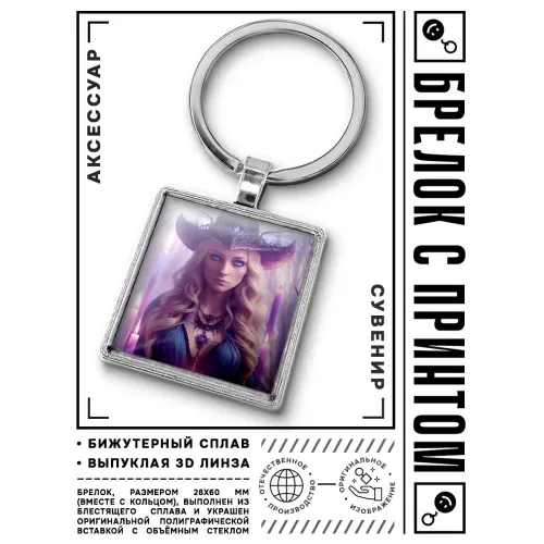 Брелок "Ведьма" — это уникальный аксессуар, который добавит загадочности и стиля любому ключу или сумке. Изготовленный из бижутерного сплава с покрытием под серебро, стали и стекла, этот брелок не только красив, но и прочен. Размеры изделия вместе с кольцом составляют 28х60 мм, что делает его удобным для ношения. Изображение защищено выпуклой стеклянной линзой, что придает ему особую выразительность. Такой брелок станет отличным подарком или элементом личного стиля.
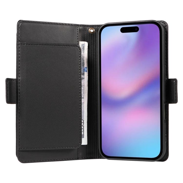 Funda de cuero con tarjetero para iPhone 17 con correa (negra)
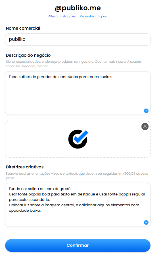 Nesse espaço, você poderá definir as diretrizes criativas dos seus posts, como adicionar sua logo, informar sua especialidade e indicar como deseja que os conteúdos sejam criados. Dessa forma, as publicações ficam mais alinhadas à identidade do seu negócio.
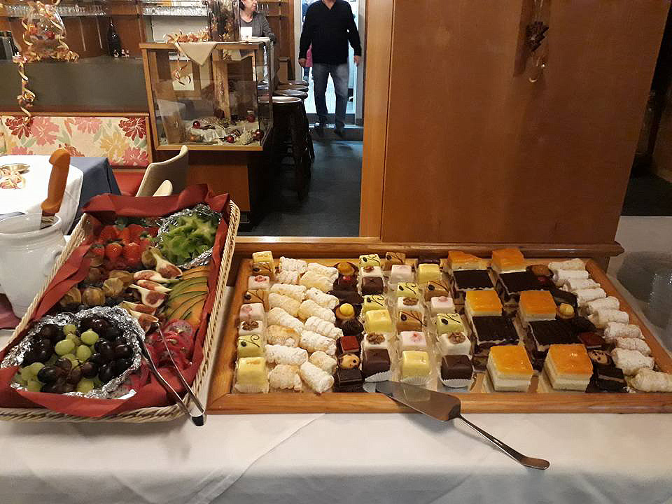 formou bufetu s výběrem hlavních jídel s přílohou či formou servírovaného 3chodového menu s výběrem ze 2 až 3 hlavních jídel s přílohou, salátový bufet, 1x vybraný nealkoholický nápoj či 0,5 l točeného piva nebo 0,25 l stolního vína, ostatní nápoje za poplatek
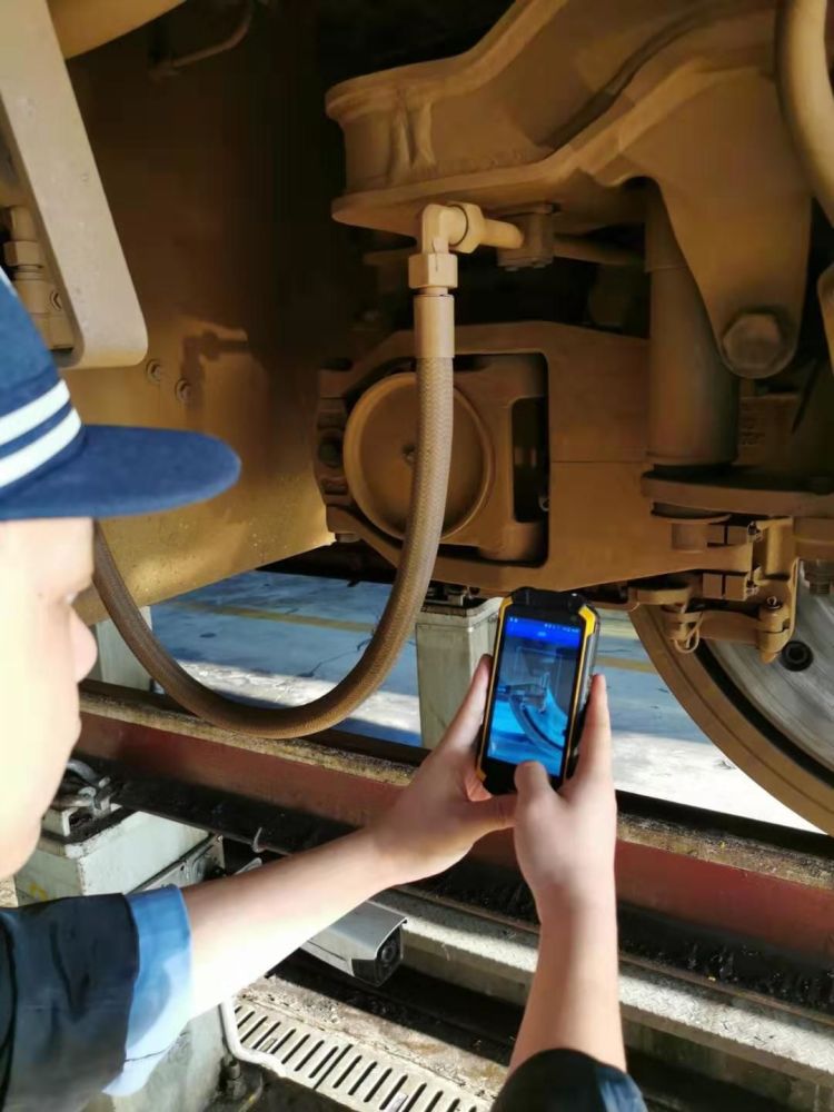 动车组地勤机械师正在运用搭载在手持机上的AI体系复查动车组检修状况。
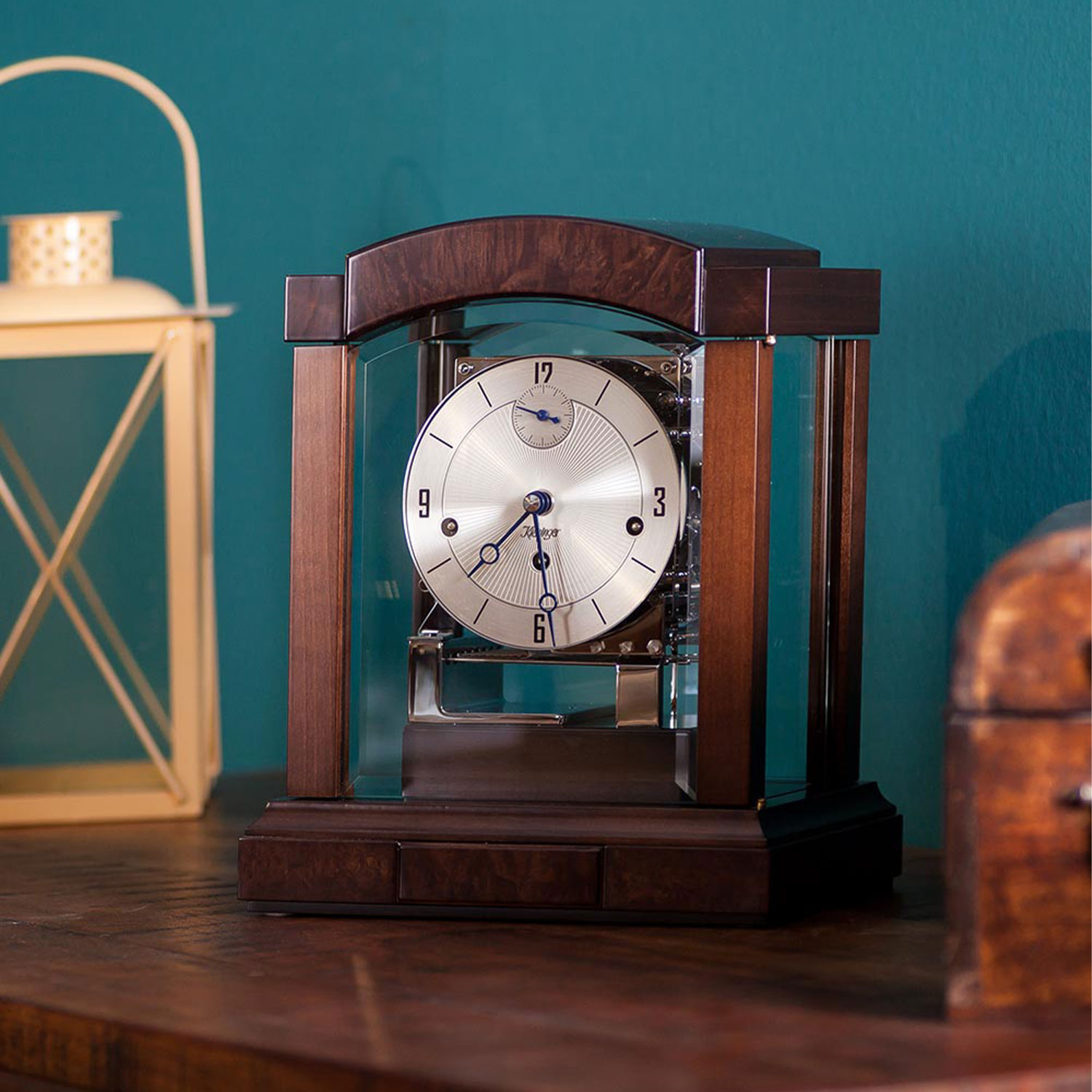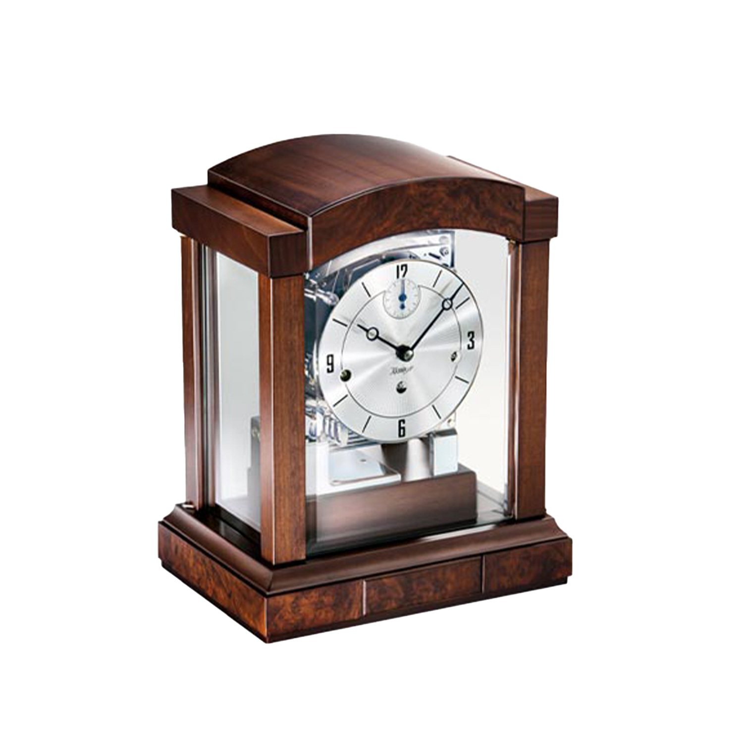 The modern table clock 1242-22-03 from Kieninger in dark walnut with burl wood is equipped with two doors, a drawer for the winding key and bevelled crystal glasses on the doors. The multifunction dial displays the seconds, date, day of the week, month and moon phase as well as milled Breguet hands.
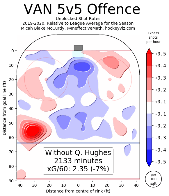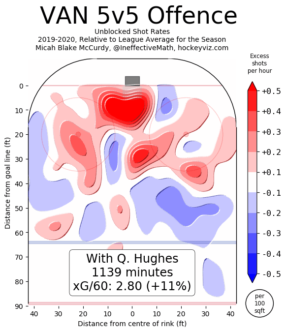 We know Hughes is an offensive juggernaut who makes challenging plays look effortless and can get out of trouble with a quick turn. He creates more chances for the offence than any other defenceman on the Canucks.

----

Work instruction - Quote the data above in full, leaving out the pictures it holds.

Answer space -
 Брелок "Ведьма" — это уникальный аксессуар, который добавит загадочности и стиля любому ключу или сумке. Изготовленный из бижутерного сплава с покрытием под серебро, стали и стекла, этот брелок не только красив, но и прочен. Размеры изделия вместе с кольцом составляют 28х60 мм, что делает его удобным для ношения. Изображение защищено выпуклой стеклянной линзой, что придает ему особую выразительность. Такой брелок станет отличным подарком или элементом личного стиля.
 Funda de cuero con tarjetero para iPhone 17 con correa (negra)
 Nesse espaço, você poderá definir as diretrizes criativas dos seus posts, como adicionar sua logo, informar sua especialidade e indicar como deseja que os conteúdos sejam criados. Dessa forma, as publicações ficam mais alinhadas à identidade do seu negócio.
 formou bufetu s výběrem hlavních jídel s přílohou či formou servírovaného 3chodového menu s výběrem ze 2 až 3 hlavních jídel s přílohou, salátový bufet, 1x vybraný nealkoholický nápoj či 0,5 l točeného piva nebo 0,25 l stolního vína, ostatní nápoje za poplatek
 动车组地勤机械师正在运用搭载在手持机上的AI体系复查动车组检修状况。
 The modern table clock 1242-22-03 from Kieninger in dark walnut with burl wood is equipped with two doors, a drawer for the winding key and bevelled crystal glasses on the doors. The multifunction dial displays the seconds, date, day of the week, month and moon phase as well as milled Breguet hands.
 We know Hughes is an offensive juggernaut who makes challenging plays look effortless and can get out of trouble with a quick turn. He creates more chances for the offence than any other defenceman on the Canucks.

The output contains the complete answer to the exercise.